Below we isolate the distribution of the response variable alone, and the distribution of the response conditioned on the treatment without taking into account the other variables.

EDA

In this initial EDA, we visualize a quick understanding of the distribution of the response variable. We see it is a quantitative variable, but it is discrete and the numbers only range from 12 to 18. We see a strong mode at 16 years, which makes sense as this indicates students who completed a bachelor’s degree. If a student is in the 12 years category, this indicates the highest level of education they completed was high school. The student could have enrolled in two-year college or not, but they did not complete that education. Interestingly, we do not see a slightly higher frequency in the 14 years category, which would indicate the completion of an associates degree at junior college.
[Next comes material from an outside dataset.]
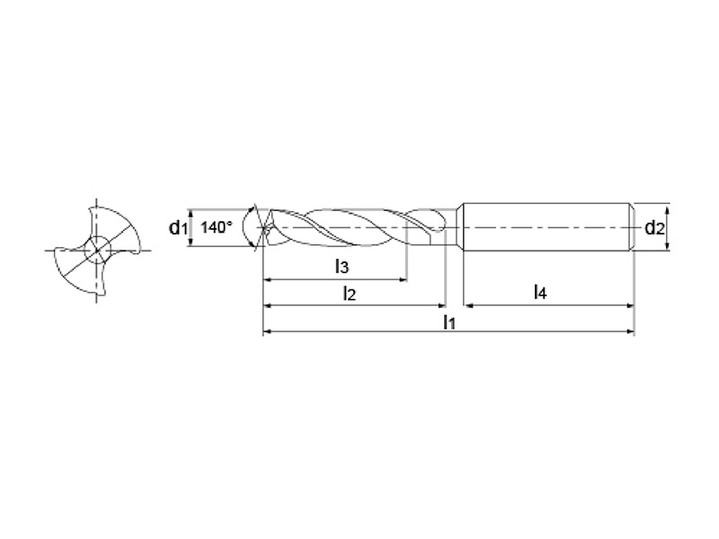 產(chǎn)品編碼 ltem code | 刃徑 d1(m7) | 螺紋尺寸 M公制 | 柄徑 d2(h6) | 總長 I1 | 槽長 I2 | 最大切深 I3 | 柄長 I4 |

This second graph is the boxplot distributions of the years of education of students, depending on whether they went to two-year college or not. We see that the average distribution is lower for those who did attend two year college, at each level of the 25th, 50th and 75th quartiles. We also see a larger spread (greater IQR) for the junior college attendee group. This initial observation may make sense, as students who go to two year college will by design go to two year less of school than those who go to 4-year college for a bachelor’s degree. The difference in medians is indeed 2 years. However we will do further causal inference analyses to see if there are more meaningful insights to be gained.

Table 1

We also include a Table 1 to understand which covariates are present at a basic level. It is divided by treatment and control, and for qualitative variables, the mean and standard deviation are shown, while for quantitative variables, the number of people who said yes to the given criteria and the percentage of those are shown. Some interesting thing to note is that for dadcoll (Dad’s college status), 4 year’s percentage is much greater than that for 2 year’s. These can give us an idea of which variables to include or not when conducting analysis to see if the difference is indeed significant. Note that for later analysis, we exclude variables mommiss, dadmiss, and fincmiss, as these are indicator variables simply denoting if the information was missing or not. We did not believe this was a useful indicator, so we omitted these in our analysis.

Goal

The goal of our research is to determine if there is a causal effect of attending two-year junior college, on the number of years of education a student will have, and determine the specific magnitude of that effect. As we saw in the prior EDA, there naturally will be a difference in the years of education for a student who goes to two year college versus someone who goes to a traditional four year college, by nature of the way the data values are structured. That difference in theory–under the null hypothesis of no difference between two year and four year college on the number of years of education a student gets–should be 2 years. However, prior research has shown there are different effects that change the magnitude of the difference. One is of the Democratization effect, which is the theory that junior college lower the bar to entry for a four-year college, so students who otherwise would not have gone to college or would have dropped out had they gone straight to four-year college, can go to two-year college as a stepping stone to further education. An opposite theory though, is the Diversion effect, which is the belief that junior college might draw students away from four-year college, with students who would have gone to traditional four-year college opting for less years of schooling and going to junior college instead. Thus we look to gain more insight from causal inference analysis, namely if we can claim two-year college attendance causes something with the number of years of education a student will go through.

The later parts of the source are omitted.